* _INFORMATION SHOWN_

**********

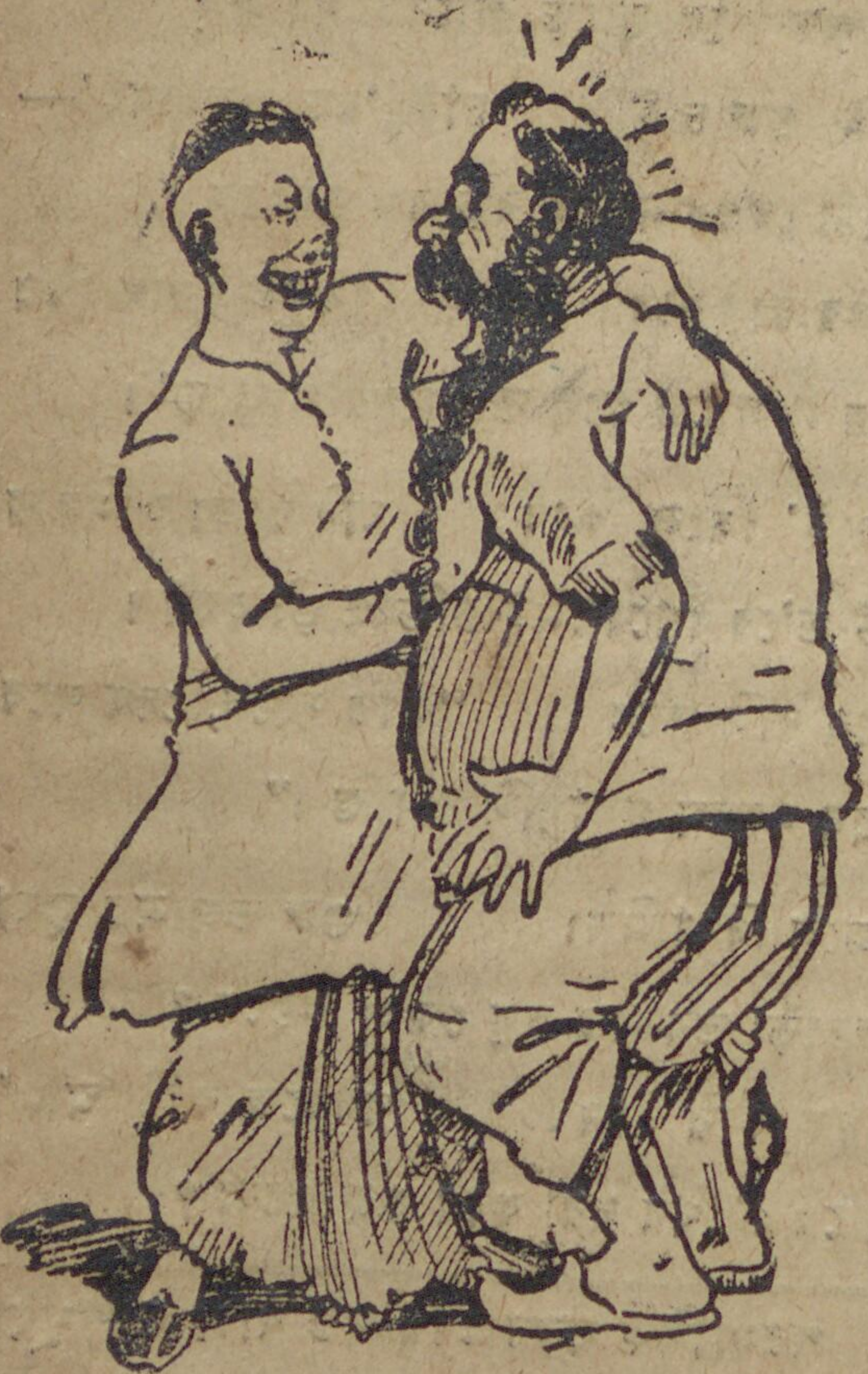
সেয়ানে সেয়ানে কোলাকুলি
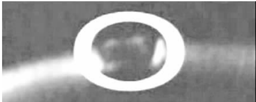
◀▲您要是有兴趣,不妨登陆 http://www.youtube.com/watch?v=iL_4Tnqe2Xl ,自己看看这个 UFO 是真是假。
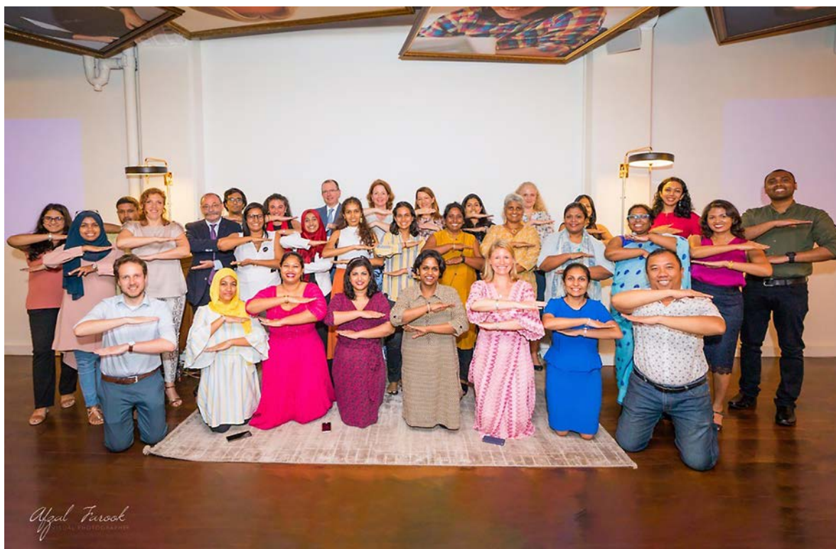
Tijdens Internationale Vrouwendag organiseerde de ambassade in Sri Lanka SPEAKUP! Talks, waarbij de kracht van storytelling centraal stond. Deelnemers konden hier in een veilige omgeving hun ervaringen uitwisselen en leerden over het doorbreken van taboes.

viering van 16 Days of Activism Against Gender-Based Violence . Een op de drie vrouwen in Zimbabwe krijgt te maken met seksueel of gender-gerelateerd geweld. In samenwerking met lokale organisaties werd de inzet geëerd van 16 vrouwen, mannen en instituties voor de bescherming van de rechten van vrouwen en meisjes in Zimbabwe. Zogenaamde 'gender kampioenen' werden gekozen uit meer dan 200 kandidaten uit het hele land. De ambassade toonde op sociale media 16 dagen lang het inspirerende werk van deze voorvechters van vrouwenrechten. Voorts steunde de ambassade ieder van de kampioenen met een beurs van USD 5.000 om hun belangrijke werk uit te breiden. Daarmee kunnen zij in samenwerking met lokale gemeenschappen de strijd verder aanbinden met gender-gerelateerd geweld, kindhuwelijken voorkomen, en de autonomie van vrouwen
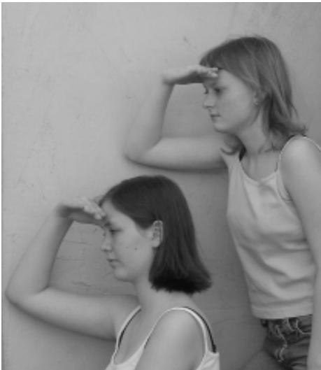
Auf der Suche nach Bildung

„Im Kinnagadde wäd ee nur de ganze Daag Kaffee gedrung-ge, un die Kinna schbiele hald ebiss!“ Auch wenn solche Äußerungen in unserem geheiligten Gemeinderatsgremium schon gefallen sind, und sich die Wertschätzung der Kindergartenarbeit auf Worte beschränkt, seit Pisa ist der Blick auf eine frühkindliche Förderung, also auch schon im Kindergarten, schärfer geworden. Die Erkenntnis, dass möglichst alle Kinder eine wertvolle Lern- und Reifezeit im Kindergarten durchlaufen sollten, hat sich nicht nur allgemein in unserer Gesellschaft herumgesprochen, nein, dieser Lehrsatz ist auch schon auf der Insel Leimen angekommen und wird inzwischen so auch im Gemeinderat zu hören sein, quer durch alle Farben.
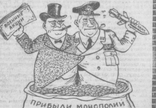
«Сматривайте близнецов». Рис. Ю. БРОДИЦКОГО.

Милитаристский внешнеполитический курс США отрицает проект взаимовыгодного союза крупного капитала с Пентагоном.
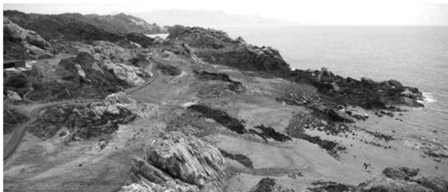
Del Club Med (a dalt) al pla de Tudela (a baix). (www.arquitecturayempresa.es)
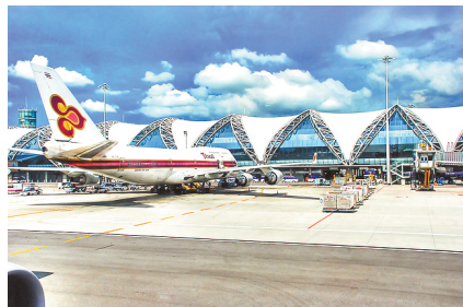
泰国苏汪纳蓬机场
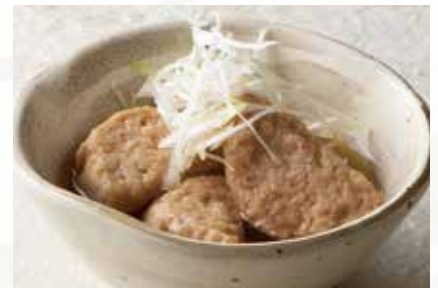
自家製 鶏のつくね煮 1,000円
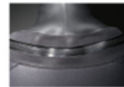
YKK AQUASEAL ZIPPER

**********

* _TASK DESCRIPTION_
When copying the listing, print each line exactly but leave out every picture.

* _RESPONSE_
সেয়ানে সেয়ানে কোলাকুলি
◀▲您要是有兴趣,不妨登陆 http://www.youtube.com/watch?v=iL_4Tnqe2Xl ,自己看看这个 UFO 是真是假。
Tijdens Internationale Vrouwendag organiseerde de ambassade in Sri Lanka SPEAKUP! Talks, waarbij de kracht van storytelling centraal stond. Deelnemers konden hier in een veilige omgeving hun ervaringen uitwisselen en leerden over het doorbreken van taboes.

viering van 16 Days of Activism Against Gender-Based Violence . Een op de drie vrouwen in Zimbabwe krijgt te maken met seksueel of gender-gerelateerd geweld. In samenwerking met lokale organisaties werd de inzet geëerd van 16 vrouwen, mannen en instituties voor de bescherming van de rechten van vrouwen en meisjes in Zimbabwe. Zogenaamde 'gender kampioenen' werden gekozen uit meer dan 200 kandidaten uit het hele land. De ambassade toonde op sociale media 16 dagen lang het inspirerende werk van deze voorvechters van vrouwenrechten. Voorts steunde de ambassade ieder van de kampioenen met een beurs van USD 5.000 om hun belangrijke werk uit te breiden. Daarmee kunnen zij in samenwerking met lokale gemeenschappen de strijd verder aanbinden met gender-gerelateerd geweld, kindhuwelijken voorkomen, en de autonomie van vrouwen
Auf der Suche nach Bildung

„Im Kinnagadde wäd ee nur de ganze Daag Kaffee gedrung-ge, un die Kinna schbiele hald ebiss!“ Auch wenn solche Äußerungen in unserem geheiligten Gemeinderatsgremium schon gefallen sind, und sich die Wertschätzung der Kindergartenarbeit auf Worte beschränkt, seit Pisa ist der Blick auf eine frühkindliche Förderung, also auch schon im Kindergarten, schärfer geworden. Die Erkenntnis, dass möglichst alle Kinder eine wertvolle Lern- und Reifezeit im Kindergarten durchlaufen sollten, hat sich nicht nur allgemein in unserer Gesellschaft herumgesprochen, nein, dieser Lehrsatz ist auch schon auf der Insel Leimen angekommen und wird inzwischen so auch im Gemeinderat zu hören sein, quer durch alle Farben.
«Сматривайте близнецов». Рис. Ю. БРОДИЦКОГО.

Милитаристский внешнеполитический курс США отрицает проект взаимовыгодного союза крупного капитала с Пентагоном.
Del Club Med (a dalt) al pla de Tudela (a baix). (www.arquitecturayempresa.es)
泰国苏汪纳蓬机场
自家製 鶏のつくね煮 1,000円
YKK AQUASEAL ZIPPER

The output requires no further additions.